Pamięć jako sposób oswajania traumy
Czas II wojny światowej to już historia dość odległa, coraz słabiej też pamiętana. Przede wszystkim jest to jednak historia tragiczna i złożona. Nie tylko Polacy wiele wycierpieli w tamtym czasie. Tragiczne dzieje wpisane są w historię Żydów, Romów czy innych narodowości wymordowanych przez nazistów.

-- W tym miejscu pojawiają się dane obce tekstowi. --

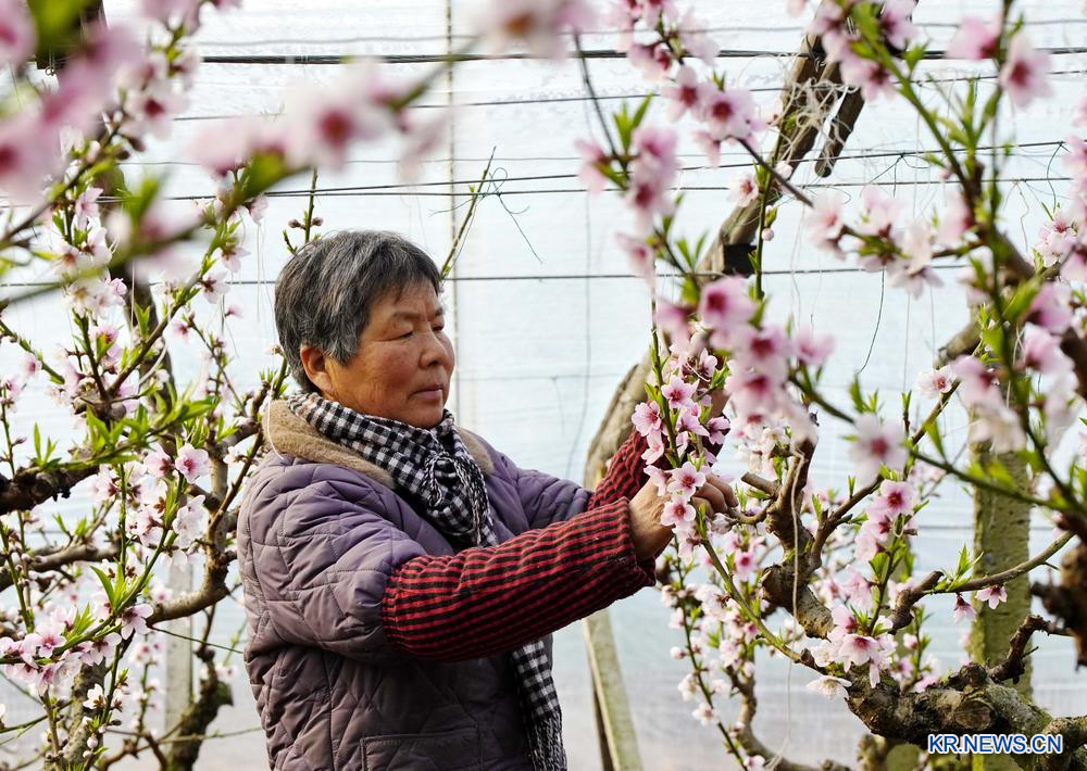 [신화망 중국 스자좡 2월 6일] 4일 허베이(河北)성 탕산(唐山)시 하이강(海港)경제개발구에 위치한 왕탄(王灘)진의 한 농민이 비닐하우스에서 복숭아꽃을 솎아내고 있다.

Zagłada Żydów to jeden z najbardziej tragicznych momentów w dziejach ludzkiej cywilizacji. Prawdziwie dramatyczny wymiar tej tragedii odnosił się do losów konkretnych ludzi w doznaniu lęku, zaszczucia, upokorzenia.

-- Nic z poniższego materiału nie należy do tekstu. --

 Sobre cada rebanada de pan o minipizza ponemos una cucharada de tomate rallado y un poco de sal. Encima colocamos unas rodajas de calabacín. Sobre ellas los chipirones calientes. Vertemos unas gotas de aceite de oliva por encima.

Bardzo często dotyczyło to dzieci i było dla nich doświadczeniem prawdziwie traumatycznym.
Trauma jest pojęciem odnoszącym się do sytuacji szczególnie dramatycznych, których przeżycie wywołuje w człowieku wstrząs psychiczny i somatyczny (cielesny). Mówienie o traumie jest trudne z wielu powodów: jest ona doświadczeniem skrajnym i niemożliwym do zupełnego zrozumienia.
1) Przygotuj – na podstawie różnych źródeł wiedzy – informacje na temat Holocaustu. Zwróć uwagę, na czym polega różnica w zapisie i znaczeniu słów: Holocaust – holocaust.
2) Wyjaśnij, dlaczego Niemcy postanowili wymordować cały naród żydowski.
3) Omów, czym było getto, a czym obóz koncentracyjny.
Ocalony
Zbierz – na podstawie różnych źródeł wiedzy – wiadomości na temat biografii i losów Ireny Sendlerowej i Janusza Korczaka.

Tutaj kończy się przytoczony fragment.